Émile Zola est un écrivain français du XIXème siècle.
Ses livres sont très réalistes car il évoque la vie quotidienne de son époque.
Ses plus grandes œuvres sont Germinal, Thérèse Raquin, Au Bonheur des Dames.
Il a aussi été un acteur majeur dans l’Affaire Dreyfus, l’une des plus grandes affaires de la fin du XIXème siècle.
Vous ne vous souvenez plus de cette affaire ? Je vais vous la raconter brièvement.
Le capitaine Alfred Dreyfus a été accusé d’avoir trahi sa patrie, la France, et d’être un espion à la solde de l’Allemagne.
On aurait retrouvé dans une poubelle l’acte de trahison, signé par Dreyfus, où il y aurait marqué très clairement qu’il était un espion
pour les services secrets allemands.
En plus d’être accusé d’espionnage, Dreyfus est de confession juive à une époque antisémite.
Ce papier met le feu aux poudres de cette affaire qui va commencer en 1890 et va se finir en 1906. A partir de l’année 1890 la France est « séparée » entre les Dreyfusards (ceux qui pensent que Dreyfus est innocent) et les Anti-Dreyfusards (ceux qui pensent que Dreyfus est coupable).
Vous allez me dire, quel est le rapport entre Zola et Dreyfus.

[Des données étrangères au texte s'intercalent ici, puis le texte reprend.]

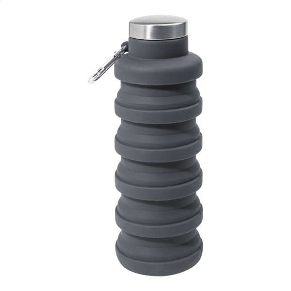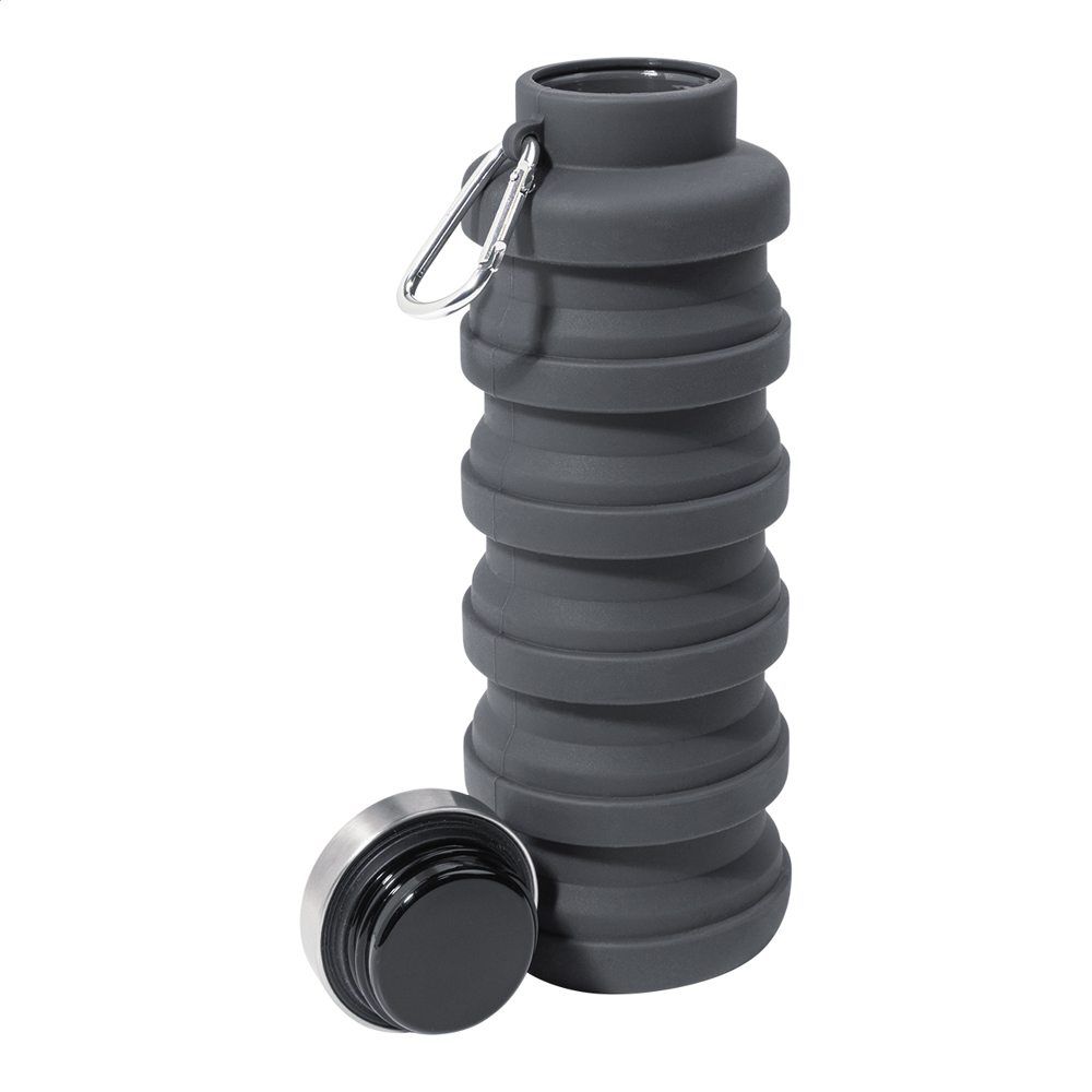 Faltbare Trinkflasche aus Silikon mit Deckel aus Edelstahl und Aluminium-Karabiner. Füllmenge: 500 ml.

Emile Zola pense que Dreyfus est innocent et décide d’écrire un article dans le journal « l’Aurore ».
Cet article s’appellera « J’ACCUSE » qui est une lettre ouverte au Président de la République Française :
Felix Faure , qui meurt 1 an plus tard dans les bras de sa maitresse à l’Élysée.
Depuis cet article, que Zola a écrit dans le journal, il s’est fait de nombreux ennemis.
On l’a souvent caricaturé en cochon par exemple.
Zola est devenu gênant, certaines personnes lui envoient des lettres de menaces, pire encore, on veut qu’il meurt.
Le 29 septembre 1902, Emile Zola et sa femme Alexandrine reviennent de leur maison de Médan, au 21 bis de la rue de Bruxelles à Paris.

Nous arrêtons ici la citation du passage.